◆ Work required
Reproduce the lines of the material exactly, excluding every image.

▬▬▬▬▬▬▬▬▬▬

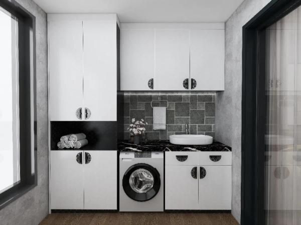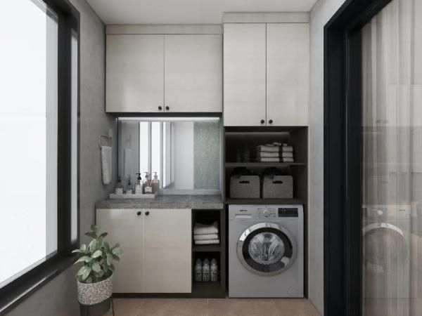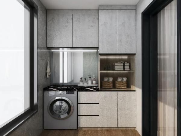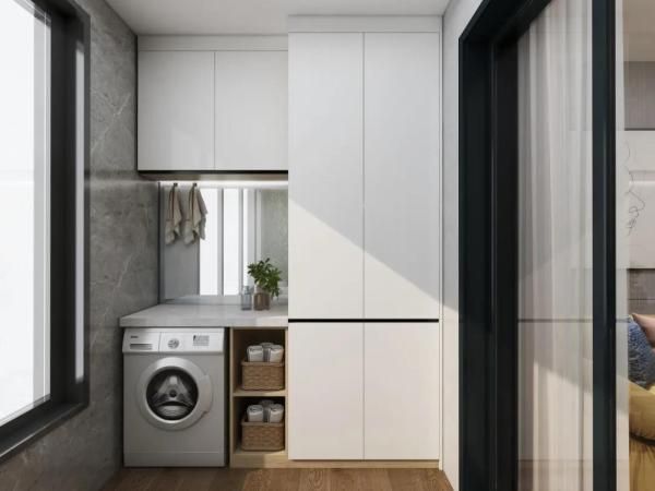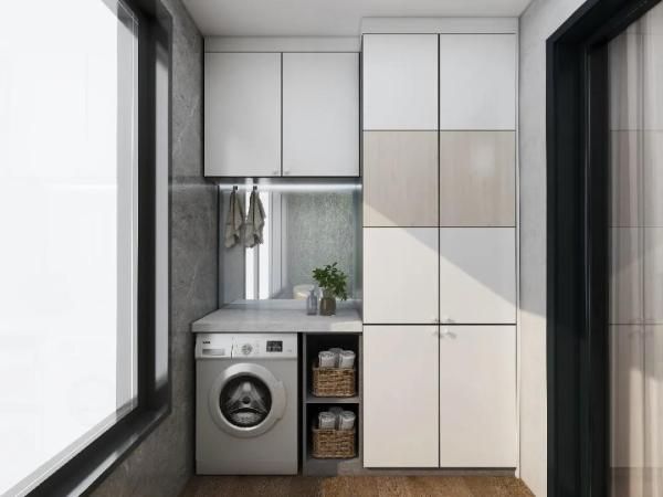 户型面积不大的话,洗衣、晾晒和收纳物品是阳台首选的功能,定制阳台柜来增加收纳空间,能兼顾实用性及美观性。
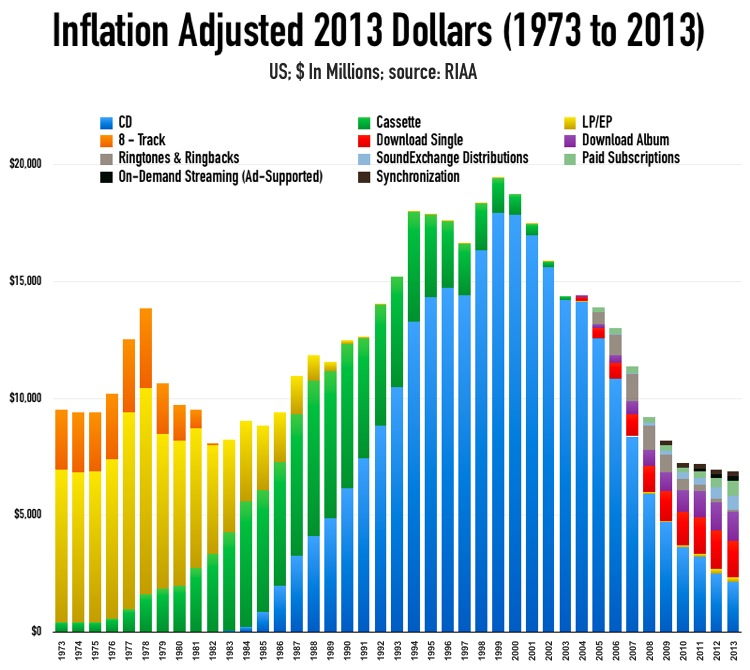 2014年,Digital Music News创始人Paul Resnikoff用一张图表展示了美国音乐产业40年的历史变迁。
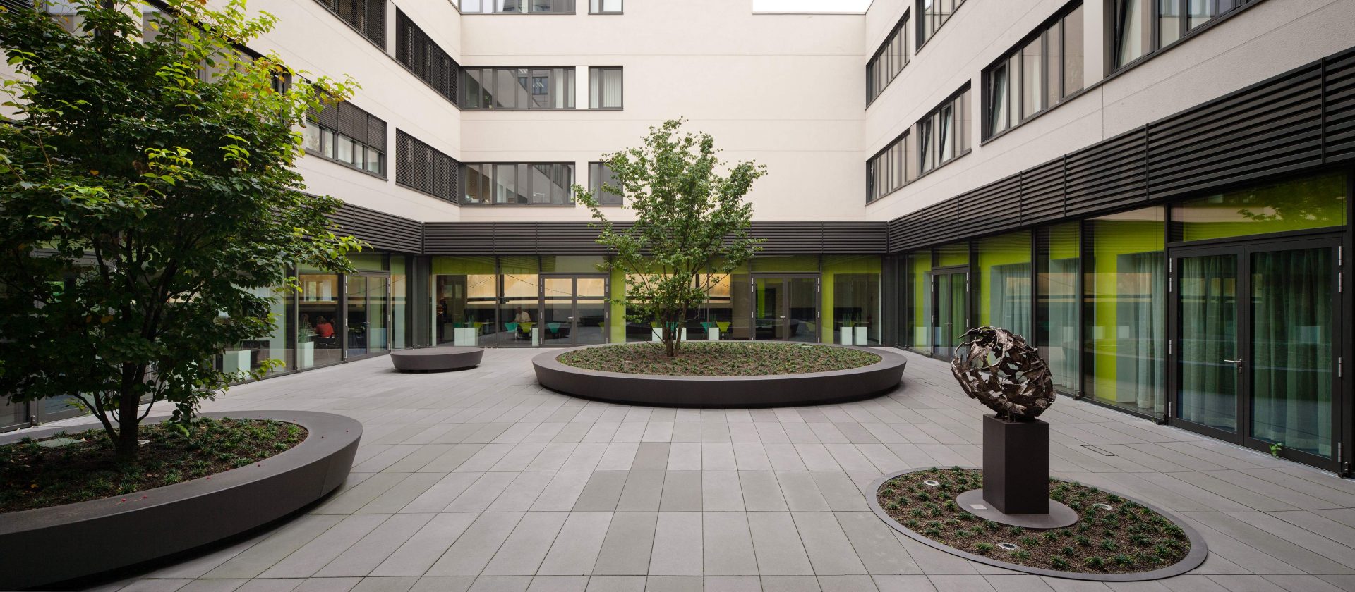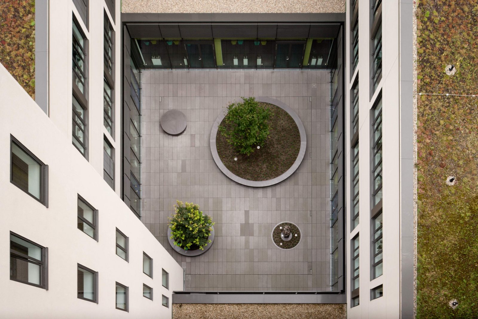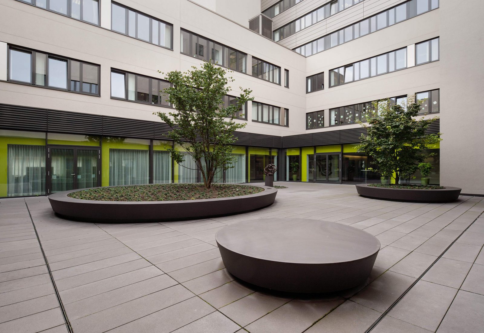 Ein strenges Raster aus großformatigen, anthrazitfarbenen Betonsteinplatten zieht sich als Bodenbelag durch den Hof. Runde Stahlelemente heben sich in Form von Pflanzbeeten und Sitzinseln daraus hervor.
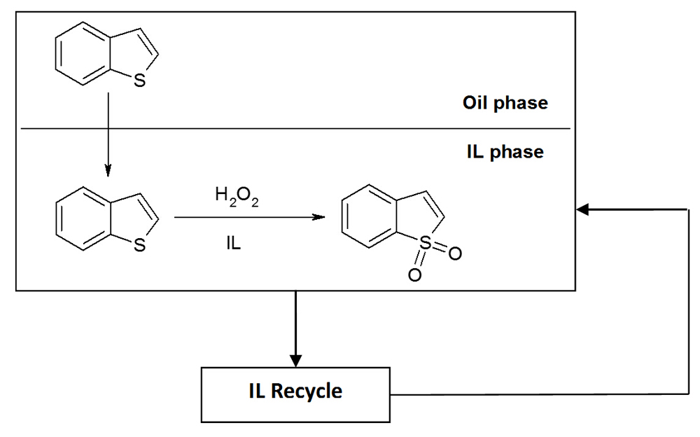 Extractive oxidation, wherein aromatic sulfur-containing compounds are extracted and subsequently oxidized to their corresponding sulfones, has proven to be one of the most effective desulfurization methods for producing ultra-low sulfur content fuels. As non-volatile and highly designable solvents, ionic liquids (ILs) have attracted considerable attention for the oxidative desulfurization of fuels. In this review, we systematically discuss the utility of ILs in catalytic and extractive oxidation, including their role as extractant, catalyst, or both. We also discuss the challenges facing the use of ILs in this regard, including their relatively high cost and excessive viscosity, as well as their efficiency and stability as catalyst.
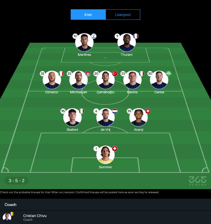 แผงหลังสามคนน่าจะเป็น อเลสซานโดร บาสโตนี่, สเตฟาน เดอ ฟราย และ มานูเอล อาคานจี ยานน์ ซอมเมอร์ ยืนเป็นผู้รักษาประตู แดนกลางใช้ ฮาคาน ชัลฮาโนลู คุมจังหวะร่วมกับ นิโคโล บาเรลล่า และ เฮนริค มคิทาร์ยาน ขณะที่ริมเส้นเป็น เฟเดริโก ดิมาร์โก กับ คาร์ลอส อากุสโต้ คอยเติมเกมรุก เปิดบอลให้คู่หน้าทองคำ เลาตาโร่ มาร์ติเนซ จับคู่ มาร์คุส ตูราม
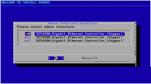 8、等待几秒后进入管理网卡设置界面,默认选择第一块网卡 em0,点击 “OK”。
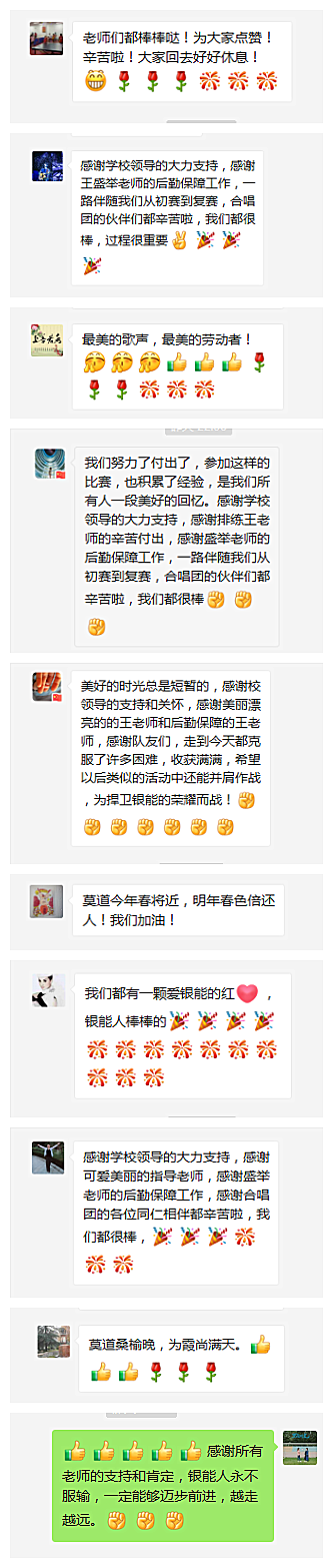 激越雄浑的时代之歌阵阵回响。赛后,合唱队员们回顾了从初赛到复赛一路走来的训练历程,感慨万千、收获满满,队员们用微信传递出了作为银能人高度的责任感和集体荣誉感,表达了广大教职工永远跟党走的理想和信念,展现了银能教师践行初心、担当使命、砥砺前行的美好姿态。我们相信,有这样一批敬业爱校的教职工队伍,银川能源学院一定会发展的越来越好。
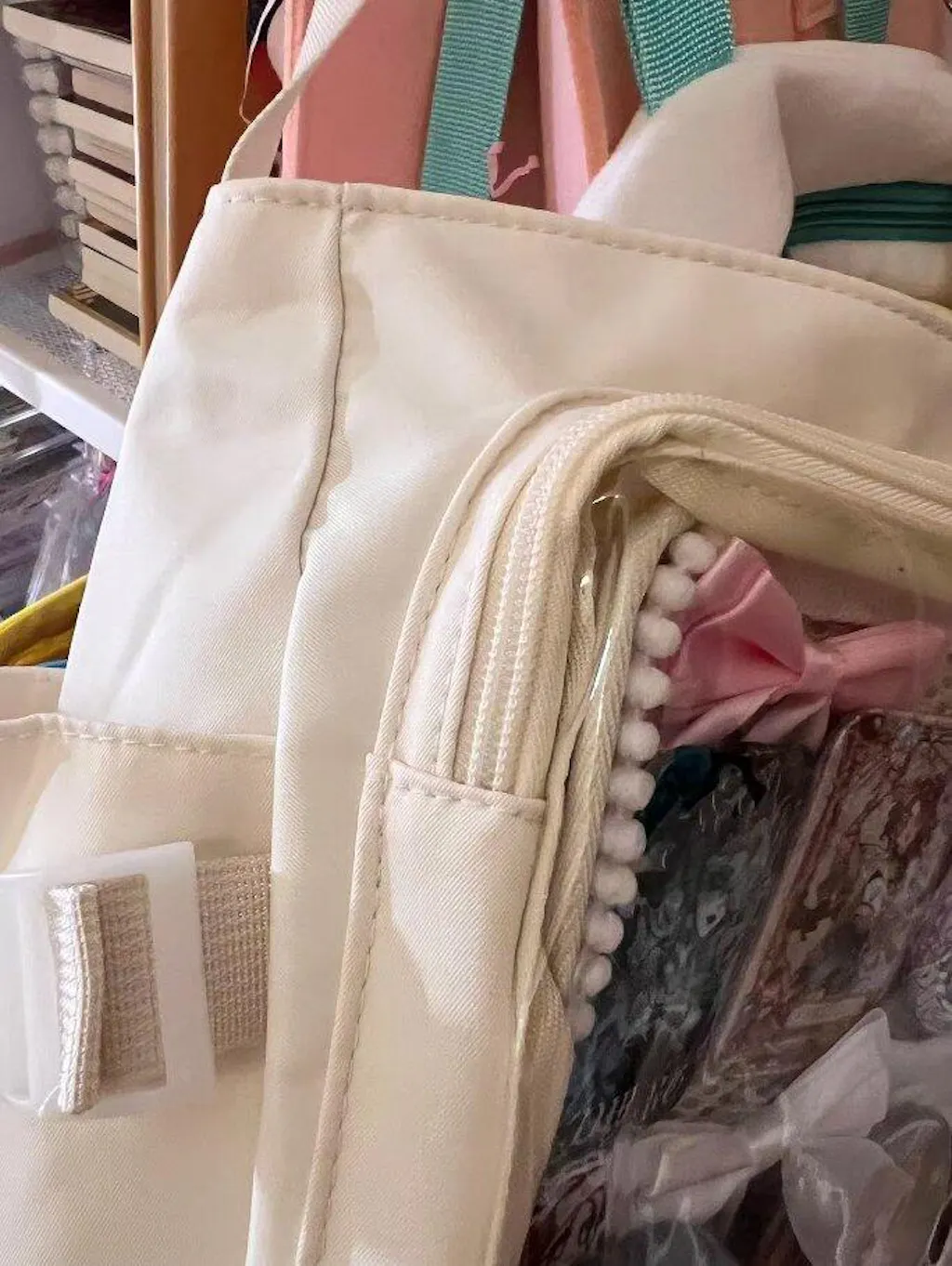 - White/Ivory — clean off-white, the most classic ita bag look. Pins and photocards read clearly against the light background
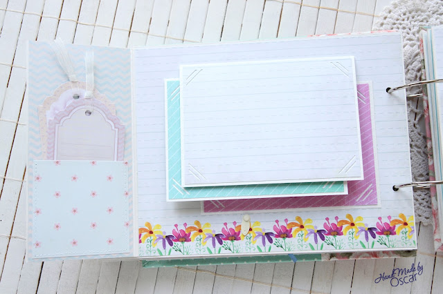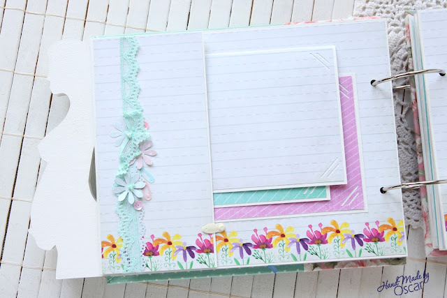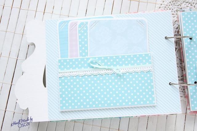 Так как заказчица попросила сделать мятно-розовый альбом, бумагу собирала из разных коллекций, в основном Скрапмир.
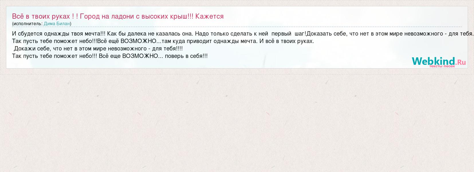 Главная→Исполнители→Дима Билан→Всё в твоих руках ! ! Город на ладони с высоких крыш!!! Кажется вот-вот и
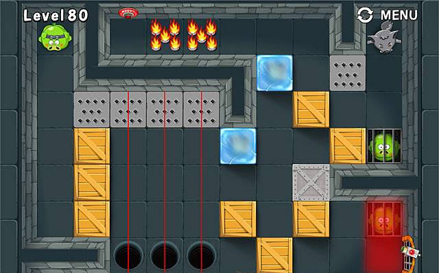 相比之前需要箱子推到固定位置上的版本,这次的推箱子中更多的是设计陷阱,玩家需要将箱子推到特定的地方,来防止或者躲避开陷阱,然后去营救你的同伴。
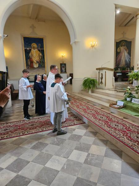 W niedzielę, 23 czerwca 2024 r. podczas każdej Mszy św. siostry mieszkające przy parafii w Solcu-Zdroju wraz z tymi, które przyjechały z Tuchowa (przełożona domu s. M. Ksaweriana Chruślicka, mistrzyni nowicjatu s. M. Agnieszka Niemiec z dwiema nowicjuszkami i s. M. Marcelina Zoń, ochroniarka) włączyły się w oprawę liturgiczną. Dzieliły się też słowem przybliżającym postać bł. Edmunda, człowieka wykształconego, zamożnego i solidaryzującego się z prostym ludem wieśniaczym, który przygarniał najbiedniejsze dzieci, sieroty i tworzyłdla nich tzw. ochronki (przedszkola). Opracował też program wychowania przedszkolnego i całe swoje życie poświęcił na służbę dzieciom, ubogim i chorym.
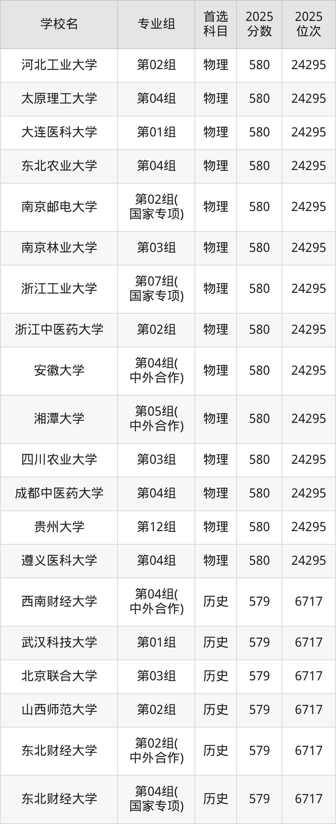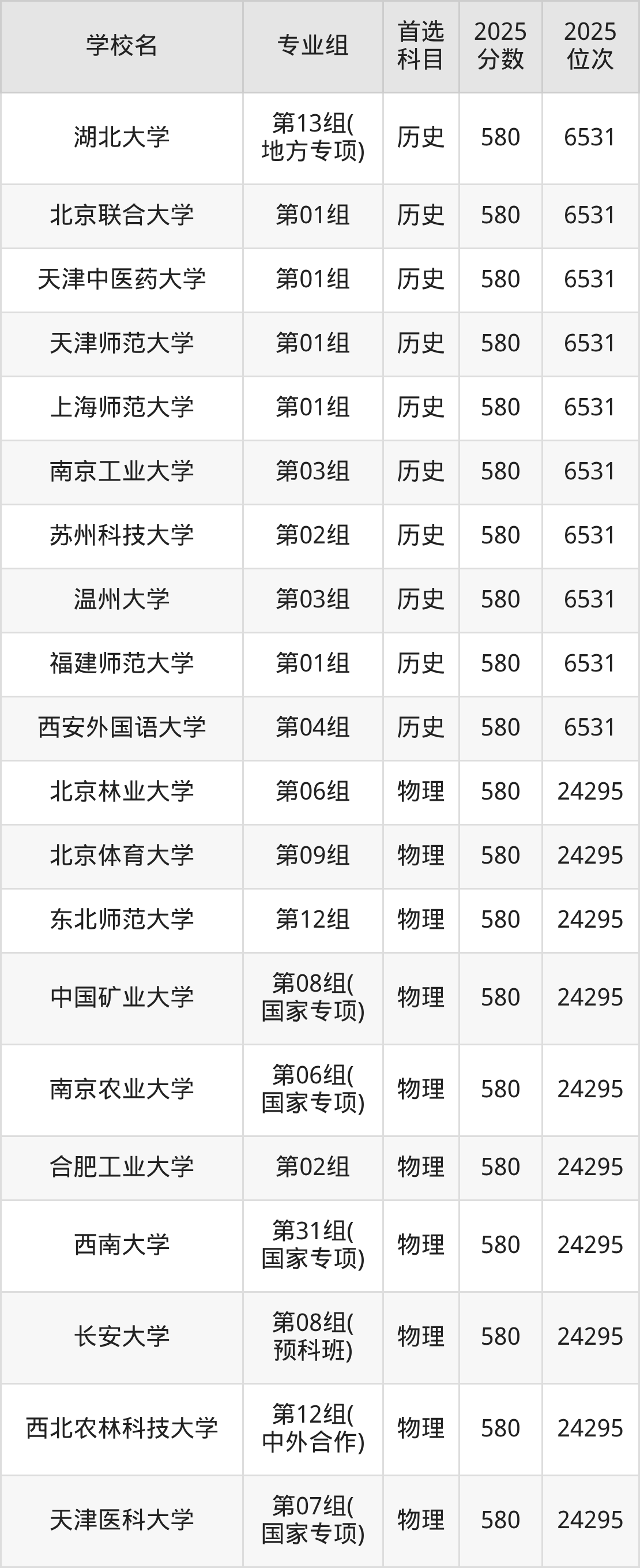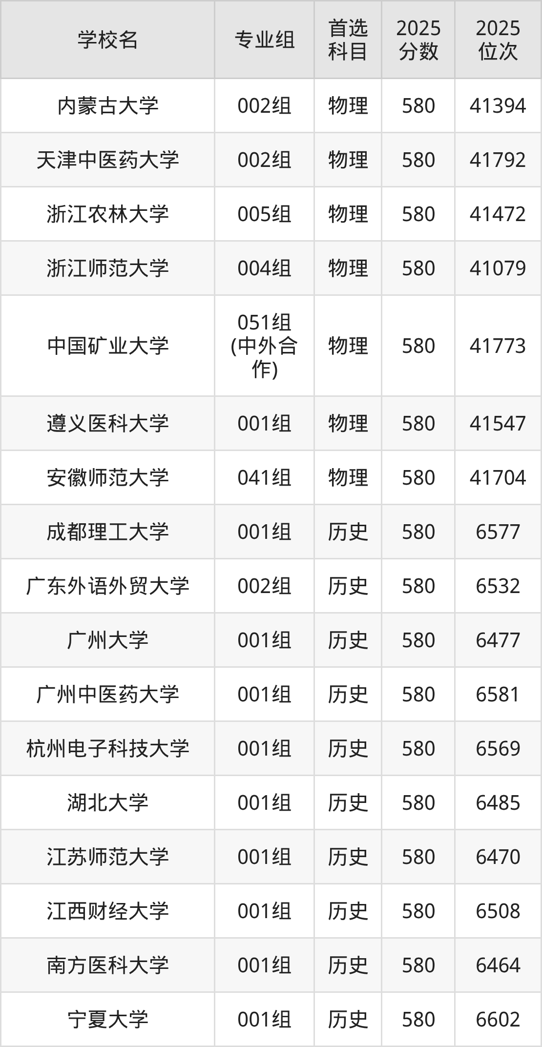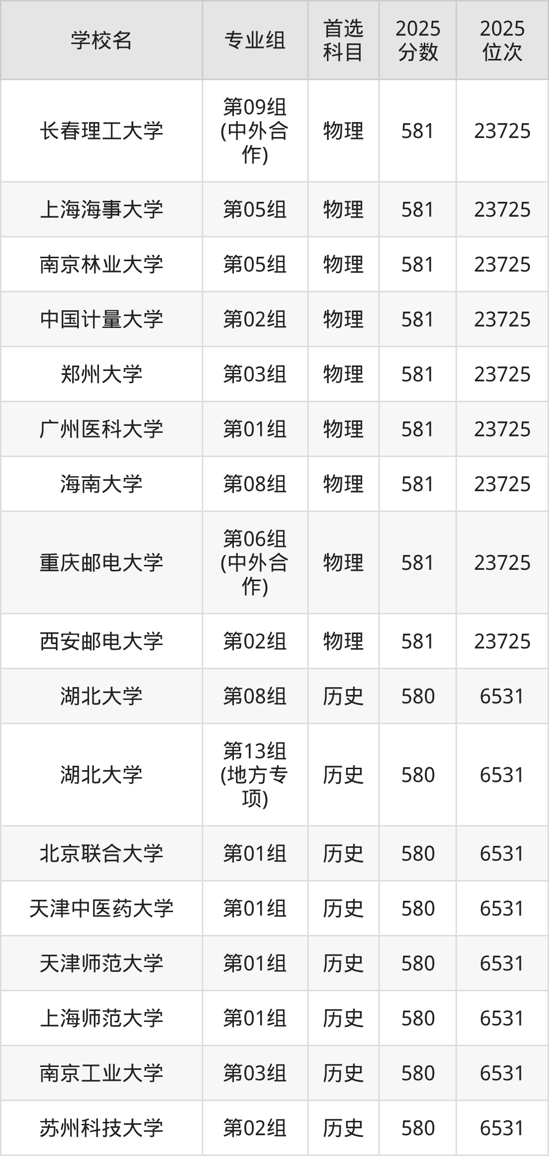 湖北高考历史类580分对应的位次排名是6531名,物理类580分对应的位次排名是24295名,因此建议2026年位次排在这附近的同学考虑这些大学。

▬▬▬▬▬▬▬▬▬▬

◆ Reply
 户型面积不大的话,洗衣、晾晒和收纳物品是阳台首选的功能,定制阳台柜来增加收纳空间,能兼顾实用性及美观性。
 2014年,Digital Music News创始人Paul Resnikoff用一张图表展示了美国音乐产业40年的历史变迁。
 Ein strenges Raster aus großformatigen, anthrazitfarbenen Betonsteinplatten zieht sich als Bodenbelag durch den Hof. Runde Stahlelemente heben sich in Form von Pflanzbeeten und Sitzinseln daraus hervor.
 Extractive oxidation, wherein aromatic sulfur-containing compounds are extracted and subsequently oxidized to their corresponding sulfones, has proven to be one of the most effective desulfurization methods for producing ultra-low sulfur content fuels. As non-volatile and highly designable solvents, ionic liquids (ILs) have attracted considerable attention for the oxidative desulfurization of fuels. In this review, we systematically discuss the utility of ILs in catalytic and extractive oxidation, including their role as extractant, catalyst, or both. We also discuss the challenges facing the use of ILs in this regard, including their relatively high cost and excessive viscosity, as well as their efficiency and stability as catalyst.
 แผงหลังสามคนน่าจะเป็น อเลสซานโดร บาสโตนี่, สเตฟาน เดอ ฟราย และ มานูเอล อาคานจี ยานน์ ซอมเมอร์ ยืนเป็นผู้รักษาประตู แดนกลางใช้ ฮาคาน ชัลฮาโนลู คุมจังหวะร่วมกับ นิโคโล บาเรลล่า และ เฮนริค มคิทาร์ยาน ขณะที่ริมเส้นเป็น เฟเดริโก ดิมาร์โก กับ คาร์ลอส อากุสโต้ คอยเติมเกมรุก เปิดบอลให้คู่หน้าทองคำ เลาตาโร่ มาร์ติเนซ จับคู่ มาร์คุส ตูราม
 8、等待几秒后进入管理网卡设置界面,默认选择第一块网卡 em0,点击 “OK”。
 激越雄浑的时代之歌阵阵回响。赛后,合唱队员们回顾了从初赛到复赛一路走来的训练历程,感慨万千、收获满满,队员们用微信传递出了作为银能人高度的责任感和集体荣誉感,表达了广大教职工永远跟党走的理想和信念,展现了银能教师践行初心、担当使命、砥砺前行的美好姿态。我们相信,有这样一批敬业爱校的教职工队伍,银川能源学院一定会发展的越来越好。
 - White/Ivory — clean off-white, the most classic ita bag look. Pins and photocards read clearly against the light background
 Так как заказчица попросила сделать мятно-розовый альбом, бумагу собирала из разных коллекций, в основном Скрапмир.
 Главная→Исполнители→Дима Билан→Всё в твоих руках ! ! Город на ладони с высоких крыш!!! Кажется вот-вот и
 相比之前需要箱子推到固定位置上的版本,这次的推箱子中更多的是设计陷阱,玩家需要将箱子推到特定的地方,来防止或者躲避开陷阱,然后去营救你的同伴。
 W niedzielę, 23 czerwca 2024 r. podczas każdej Mszy św. siostry mieszkające przy parafii w Solcu-Zdroju wraz z tymi, które przyjechały z Tuchowa (przełożona domu s. M. Ksaweriana Chruślicka, mistrzyni nowicjatu s. M. Agnieszka Niemiec z dwiema nowicjuszkami i s. M. Marcelina Zoń, ochroniarka) włączyły się w oprawę liturgiczną. Dzieliły się też słowem przybliżającym postać bł. Edmunda, człowieka wykształconego, zamożnego i solidaryzującego się z prostym ludem wieśniaczym, który przygarniał najbiedniejsze dzieci, sieroty i tworzyłdla nich tzw. ochronki (przedszkola). Opracował też program wychowania przedszkolnego i całe swoje życie poświęcił na służbę dzieciom, ubogim i chorym.
 湖北高考历史类580分对应的位次排名是6531名,物理类580分对应的位次排名是24295名,因此建议2026年位次排在这附近的同学考虑这些大学。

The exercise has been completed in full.